Eight mothers transmitted virus to their infants during the chronic phase of the disease course, at time points ranging from 81 to 360 days p.i. These late transmitting mothers had similar plasma viral loads and similar courses of disease progression as compared to non-transmitting mothers. Transmitting mothers, however, had one or more milk samples with greater than 500 copies of viral RNA/ml, and expressed higher average milk viral loads than non-transmitters over the chronic stage of disease. These results are consistent with observations in HIV-infected women that higher milk viral loads and consistent shedding of virus in milk correlate with infant infection . Due to frequent longitudinal sampling and the controlled environment provided by the macaque model, this correlate of transmission was more precisely defined in the SIV model than in cohorts of HIV infected women.

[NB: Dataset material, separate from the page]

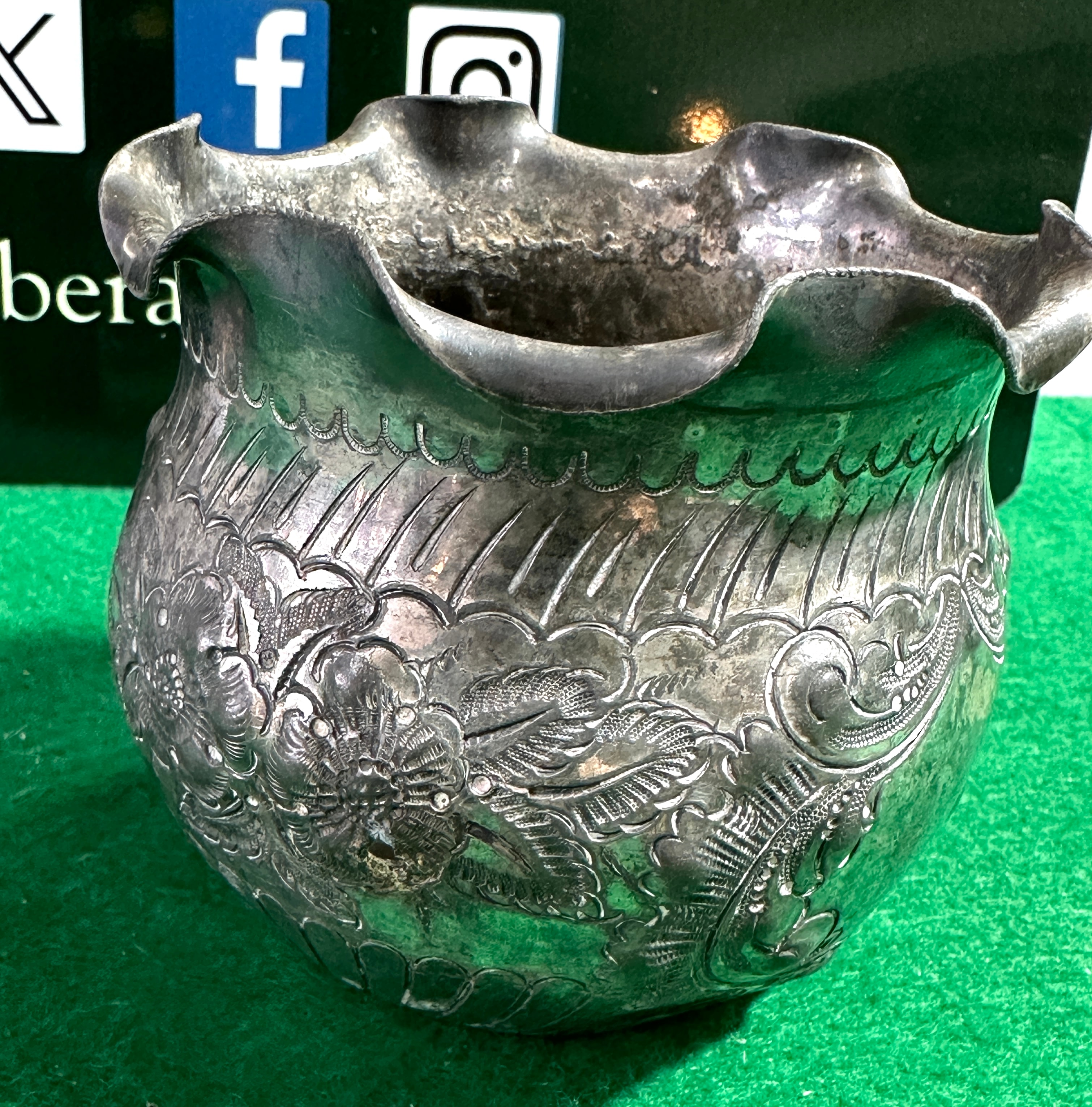 A small, round, footed silver-colored metal pot or bowl, featuring a deeply ruffled and scalloped rim. The body is highly ornate, adorned with deeply chased or embossed floral and foliate motifs covering the lower section, complemented by vertical fluting or reeding on the upper portion. Impressed markings on the base include Thai script “๒๕๖๖” (Buddhist Era 2566, translating to 2023 CE), beneath which are the Western numerals “1 2 2 3”.

Despite disease progression in the mothers, four infants remained uninfected in this study. Each of the non-transmitters continued to lactate and remained housed with their infant until at end-stage disease. Although plasma viral loads and CD4+ T cell counts were similar to those in late transmitting mothers, milk viral loads were less than 500 copies/ml at each time point evaluated. These results suggest that the dynamics of virus expression in milk are critical to infant infection. Macaques that display a profile of high plasma viral load, with low levels of virus expression in milk will be valuable tools for deciphering the viral properties and mechanisms responsible for expression in milk.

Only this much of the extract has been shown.